Conventional Commits Client Services

Cover

Cover (short for Code Verification) is an open internet service that helps verify the code of canisters on the Internet Computer.

This is an alpha release so that developers can start to play around, test the general Cover architecture during the weekend, and provide feedback to us! The alpha registry shouldn't be considered dependable yet. We will follow-up next week with a release that will include the permissioning ruling necessary to ensure all submissions are fully trusted.

If you are Cover developer, please read the Developer Readme

Requirements ⚙️

  • Github action
  • Canister Id

Getting started 🤔

Create Build Action

Inside of your canister repo create a directory .github/workflows/ and add a myBuild.yml file, with the following content. To see a full build example see build.yml

name: Example canister build using build.js 

on:
  push:
    branches:
      - production
      - main
jobs:
  build:
    runs-on: ubuntu-latest

    container:
      image: fleek/dfxrust

    steps:
      - uses: actions/[email protected]

      - name: Build WASM
          # HACK: set HOME to get github actions to execute correctly
          export HOME=/root
          export PATH="$HOME/.cargo/bin:${PATH}"
          # Start build
          yarn
          MODE=PRODUCTION dfx build cover --check

      - name: Cover Validator Plugin
        uses: Psychedelic/cover/[email protected]
        with:
          canister_id: "iftvq-niaaa-aaaai-qasga-cai"
          wasm_path: ".dfx/local/canisters/cover/cover.wasm"

Whenever you push your code using production or main branches, the above workflow will be triggered. If you successfully generated the canister.wasm the Cover Validation Plugin will call an AWS Lambda Function that will add the validation results to the Cover canister

Build Canister

In order to get the same wasm files on github actions and locally, we need to ensure that the build environment on github actions is EXACTLY the same as the local one. Thus, if you want to generate a wasm file locally, you must use the same docker image as the github actions is using.

You can either provide your own docker image (We suggest you use ubuntu:20:04 at the base) or you use our fleek/dfxrust docker image that includes tools needed to build Rust based canisters. The fleek/dfxrust image is build with this Dockerfile.

Executing local build

To execute a local build using fleek/dfxrust image, in your local folder run GithubActionPlugin/dockers/docker-build.sh to generate wasm files inside of folder ./dfx-build.

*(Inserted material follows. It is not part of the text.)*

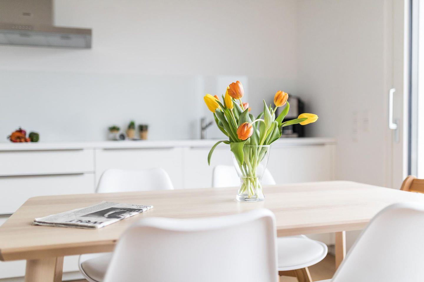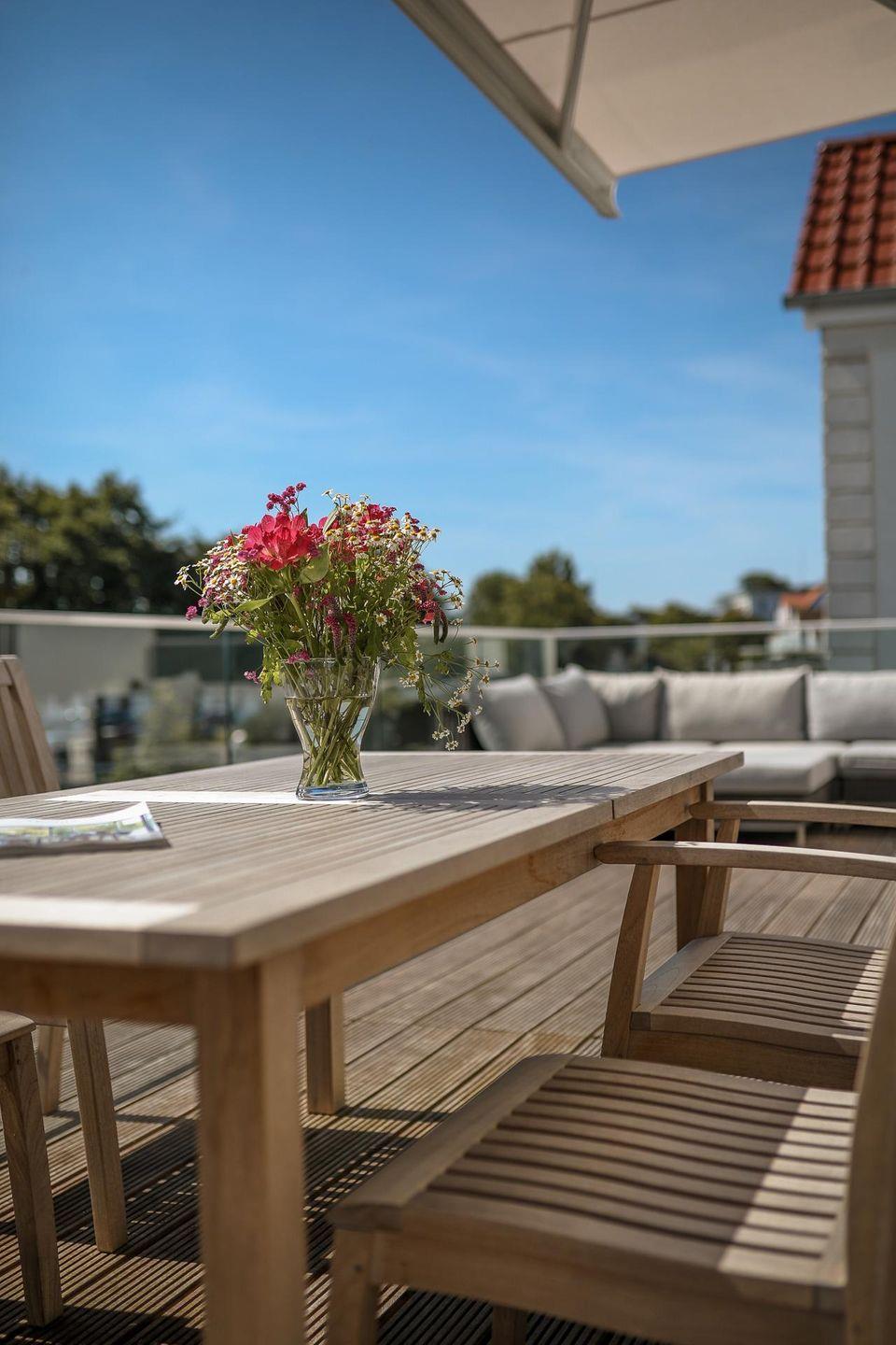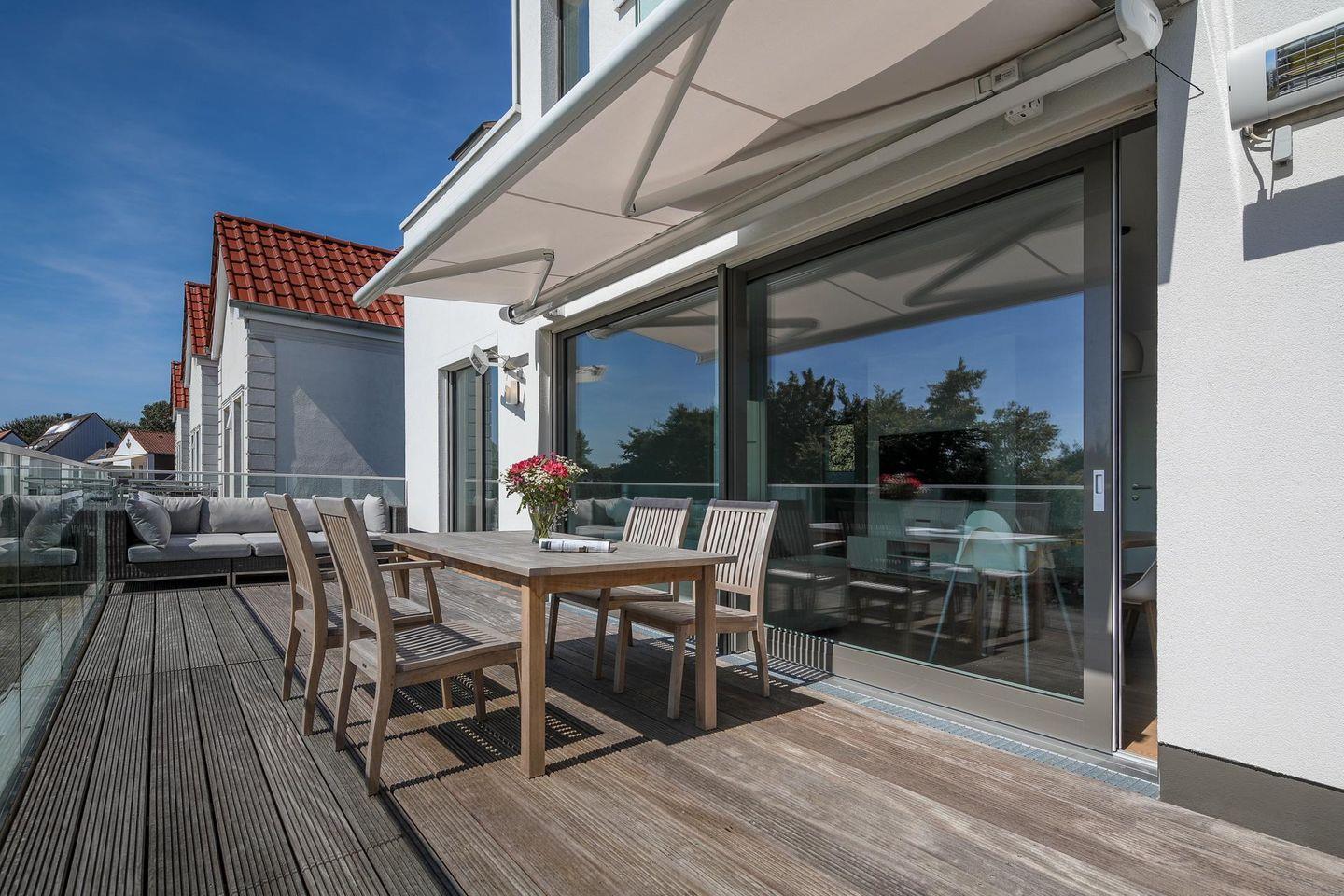 Die moderne Wohnküche mit einem großen Fenster und einer Schiebetür zum 24 qm großen Balkon lässt viel Licht herein. Die Wohnung verfügt über zwei Schlafzimmer. Ein Schlafzimmer ist mit einem Doppelbett eingerichtet. Das zweite Schlafzimmer ist ideal für Kinder ausgestattet und verfügt über ein Hochbett und weitere Details. Im Badezimmer ist eine große Regendusche (80 x 120 cm) eingebaut und auch hier sorgt ein Fenster für natürliches Licht. Der Balkon kann auch von einem der Schlafzimmer aus betreten werden. Für Unterhaltung sorgt ein top moderner 55 Zoll Sony Fernseher mit BlueRay / DVD Player und internetbasiertem Zugang zu Amazon Film, YouTube etc. Die Nutzung von NETFLIX und DAZN ist inklusive! Die moderne Küche ist mit hochwertigen Geräten wie einem großen Miele Kühlschrank mit Tiefkühlfach, einem Miele Ofen mit integrierter Mikrowelle und einem großen Siemens Induktionsherd ausgestattet. Zusätzlich stehen Ihnen eine Nespresso-Maschine, eine Saftpresse, ein Waffeleisen, ein Mixer, ein Sandwich-Toaster und vieles mehr zur Verfügung. Waschmaschine und Wäschetrockner befinden sich im Haus und stehen (für die gemeinschaftliche Nutzung gegen Münzeinwurf) zur Verfügung, was besonders für längere Aufenthalte von Vorteil ist. Hunde sind in dieser Wohnung nicht erlaubt.

You can tweak the docker-build.sh and the entrypoint.sh scripts to your needs. Just make sure that the entrypoint.sh matches your Buld.WASM section in github actions.

Checking canister status

After a few minutes, you should be able to query the Cover canister. You can either call it directly

dfx canister --network=ic call iftvq-niaaa-aaaai-qasga-cai get_verification_by_canister_id '(principal"rrkah-fqaaa-aaaaa-aaaaq-cai")'

or you can save the cover canister id in canister_ids.json:

{
  "cover": {
    "ic": "iftvq-niaaa-aaaai-qasga-cai"
  }
}

And enquire about any canister id:

dfx canister --network=ic call cover get_verification_by_canister_id '(principal"rrkah-fqaaa-aaaaa-aaaaq-cai")'

( opt record { 
  wasm_checksum = "0xecb74c834fcd93d27dd2c0e35410c3b34cf9f7c45e4721a2fbd92a7babf11eaf"; 
  updated_at = "2021-11-19T15:00:00.280+00:00"; 
  updated_by = principal "6cu3r-liw3y-hmevf-e74z4-ogury-e7ur6-xpyka-764on-gcaqs-cbjps-7qe"; 
  source_snapshot_url = "NA"; 
  canister_id = principal "rrkah-fqaaa-aaaaa-aaaaq-cai"; 
  created_at = "2021-11-19T15:00:00.280+00:00"; 
  created_by = principal "6cu3r-liw3y-hmevf-e74z4-ogury-e7ur6-xpyka-764on-gcaqs-cbjps-7qe";
  git_repo = "Psychedeleic/cover"; 
  git_ref = "refs/heads/main"; 
  git_sha = "ef9ff448ad0973a193d479e7842aa0f7e2bccfdf"; 
  build_log_url = "NA"; 
}, )

Now you can compare the returned wasm_checksum against the deployed canister Module hash. To get the canister module hash run:

dfx canister --no-wallet --network ic info iftvq-niaaa-aaaai-qasga-cai          

Controllers: ique5-maaaa-aaaai-qasfq-cai rftgd-dz3se-hrufx-kwtpc-bc5hj-ha54l-lhxnm-chz5z-5tfmq-6th4y-eqe s4jec-wiaaa-aaaah-qch4q-cai
Module hash: 0xecb74c834fcd93d27dd2c0e35410c3b34cf9f7c45e4721a2fbd92a7babf11eaf

You can see that the checksums are equal. You can also use a tool called cover verification.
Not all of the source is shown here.